Problem description
Using the data that follows, output only the lines from the line with "Delicate white chestnut" up to and including the line with "圓形切割 藍色 鍍白金色", exactly, leaving pictures aside.

*** Information given ***

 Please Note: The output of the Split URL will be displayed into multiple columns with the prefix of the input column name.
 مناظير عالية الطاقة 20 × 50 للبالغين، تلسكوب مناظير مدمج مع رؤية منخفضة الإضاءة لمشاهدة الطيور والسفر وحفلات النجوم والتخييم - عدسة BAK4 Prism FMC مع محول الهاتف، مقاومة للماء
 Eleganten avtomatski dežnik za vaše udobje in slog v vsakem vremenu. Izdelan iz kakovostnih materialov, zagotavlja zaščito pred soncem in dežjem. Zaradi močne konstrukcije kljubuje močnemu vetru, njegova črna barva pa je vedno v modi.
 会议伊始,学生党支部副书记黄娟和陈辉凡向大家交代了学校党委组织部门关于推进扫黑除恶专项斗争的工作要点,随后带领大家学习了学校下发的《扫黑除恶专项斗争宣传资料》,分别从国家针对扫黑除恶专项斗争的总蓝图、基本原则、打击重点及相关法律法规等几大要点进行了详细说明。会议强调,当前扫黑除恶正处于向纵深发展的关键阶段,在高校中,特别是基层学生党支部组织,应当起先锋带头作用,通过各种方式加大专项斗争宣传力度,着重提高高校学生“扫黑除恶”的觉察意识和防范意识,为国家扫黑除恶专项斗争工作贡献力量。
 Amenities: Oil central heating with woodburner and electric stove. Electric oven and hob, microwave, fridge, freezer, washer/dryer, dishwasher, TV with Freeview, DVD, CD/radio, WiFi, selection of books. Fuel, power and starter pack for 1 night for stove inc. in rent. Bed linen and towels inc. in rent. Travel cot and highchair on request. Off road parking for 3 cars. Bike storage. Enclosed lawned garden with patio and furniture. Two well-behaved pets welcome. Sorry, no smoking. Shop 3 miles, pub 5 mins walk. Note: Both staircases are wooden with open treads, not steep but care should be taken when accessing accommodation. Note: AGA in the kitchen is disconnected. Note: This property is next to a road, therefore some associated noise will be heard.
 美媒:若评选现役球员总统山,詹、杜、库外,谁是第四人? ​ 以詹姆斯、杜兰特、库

*** End of Information given ***
*** Information given ***

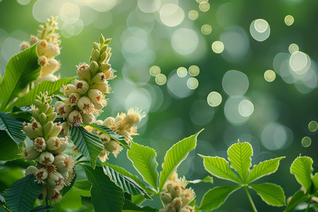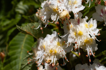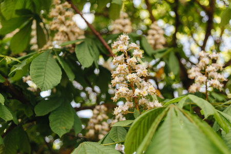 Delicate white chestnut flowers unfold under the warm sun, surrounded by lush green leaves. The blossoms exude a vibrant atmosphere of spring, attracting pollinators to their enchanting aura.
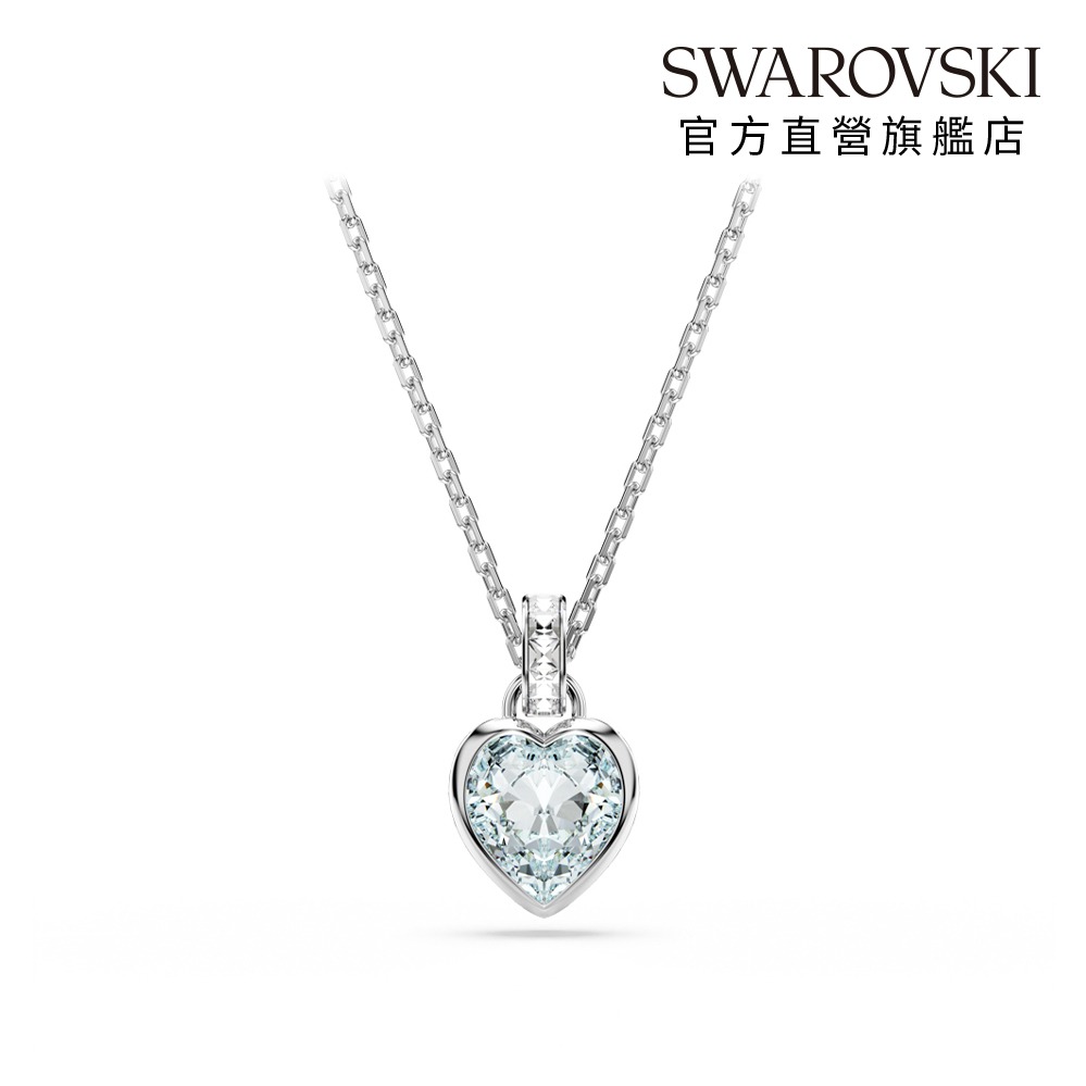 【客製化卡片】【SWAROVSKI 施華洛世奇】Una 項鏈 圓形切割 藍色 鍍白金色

*** End of Information given ***

Exercise solution
 Delicate white chestnut flowers unfold under the warm sun, surrounded by lush green leaves. The blossoms exude a vibrant atmosphere of spring, attracting pollinators to their enchanting aura.
 【客製化卡片】【SWAROVSKI 施華洛世奇】Una 項鏈 圓形切割 藍色 鍍白金色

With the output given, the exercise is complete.